Note the data structure of the prediction results. From the kraken tutorial:

> The output isn’t just a sequence of characters but, depending on the type of segmentation supplied, a kraken.containers.BaselineOCRRecord or kraken.containers.BBoxOCRRecord record object containing the character prediction, cuts (approximate locations), and confidences.

Let's have a look at it:

In [None]:
record.prediction

In [None]:
record.confidences

In [None]:
record.cuts

# Palaeographical analysis using Cuts

Although kraken is designed for transcription, it does give approximate information about the likely location of characters on the image. This isn't perfect, but we can use it to automatically show the images. Because this is only an approximation, we can increase the size of the image in order to increase the likelihood of capturing the full letter.
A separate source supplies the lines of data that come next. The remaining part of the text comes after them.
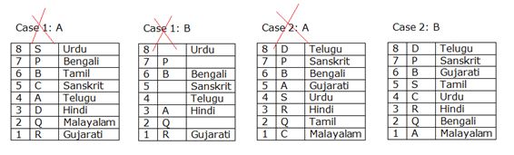 Case 1: B will be dropped because C lives immediately below the one who speaks Tamil.
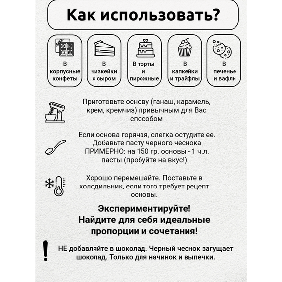 - Используйте чёрный чеснок для создания изысканных начинок корпусных шоколадных конфет и трюфелей.
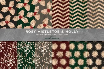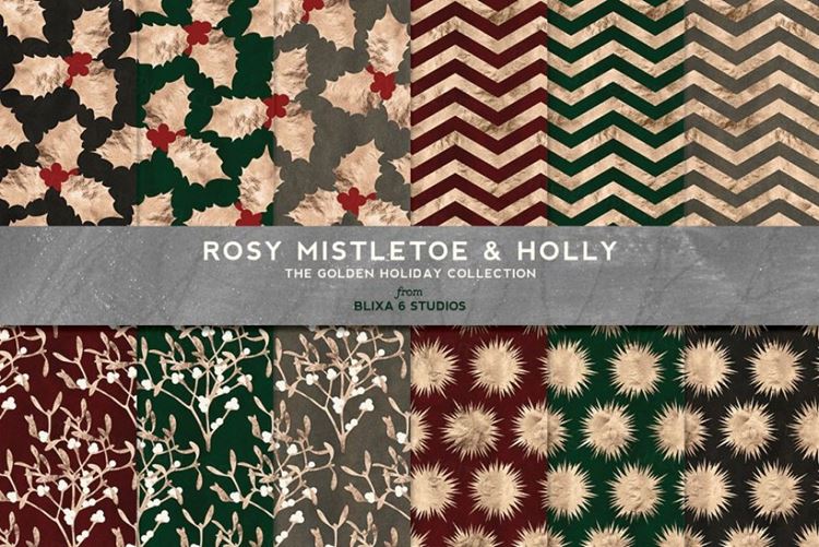 图穷联素材库 » 烫金圣诞背景纹理 Mistletoe Holly Chri
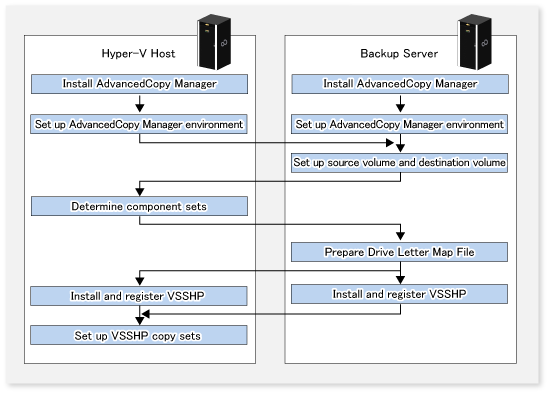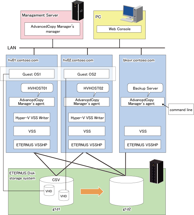 The examples of command execution given in this section presume an environment as shown in below figure.
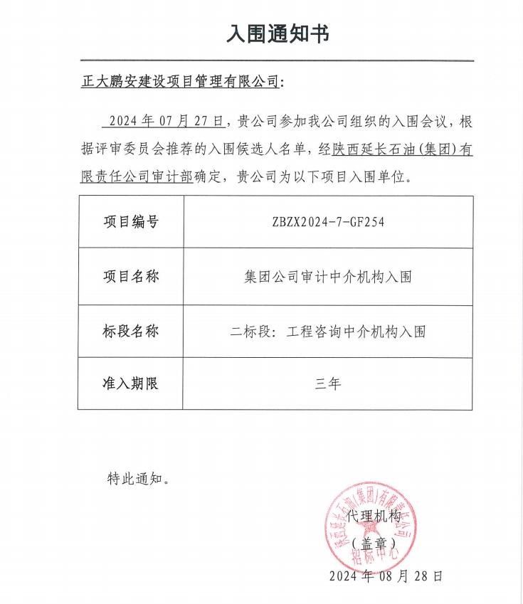 2024年08月28日,經(jīng)評標(biāo)委員會綜合評審,招標(biāo)人確認,正大鵬安建設(shè)項目管理有限公司中標(biāo)“集團公司審計中介機構(gòu)入圍項目”。
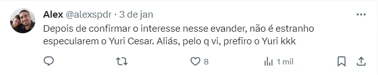 Como foi o caso do nome do atacante Yuri César, do Shabab Al Ahli, dos Emirados Árabes Unidos. O nome do jogador foi ventilado nos bastidores, mas a diretoria descarta a contratação.
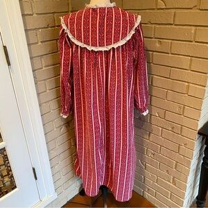 Lanz of Salzburg Red Floral Heart Print Flannel Nightgown Long Medium M Womens

As you will see, this does not work particularly well, but we will see a slightly more sophisticated approach in the next workbook.

We could create images, but since we're working with IIIF, let's instead generate the IIIF URL to each image. This means that we also need to convert the kraken coordinates to the format that IIIF expects. We also need to take into account that we have scaled the image by 25%, but according to IIIF the scaling happens *after* the region is calculated, so we need to multiply our coordinates by 4 to allow for this.

In [None]:
# Note that we are just using the cuts variable directly, which means we will be looking at the last-detected line on the page.

x_marg = 30 # Add a margin of error
y_marg = 10 # Usually the vertical is fairly correct (at least for this type of script.
char_urls = []

for c in record.cuts:
    xy1, xy2, xy3, xy4 = c
    start_x = xy1[0] - x_marg
    start_y = xy1[1] - y_marg
    end_x = xy3[0] - xy1[0] + x_marg
    end_y = xy3[1] - xy1[1] + y_marg

    char_urls.append(img_url.replace("/full/pct:25/0", f"/{start_x*4},{start_y*4},{end_x*4},{end_y*4}/full/0"))

print(char_urls)

In [None]:
search_char = 'e'

a_indexes = [i for i, x in enumerate(record.prediction) if x == search_char]
print(a_indexes)
print([char_urls[i+1] for i in a_indexes])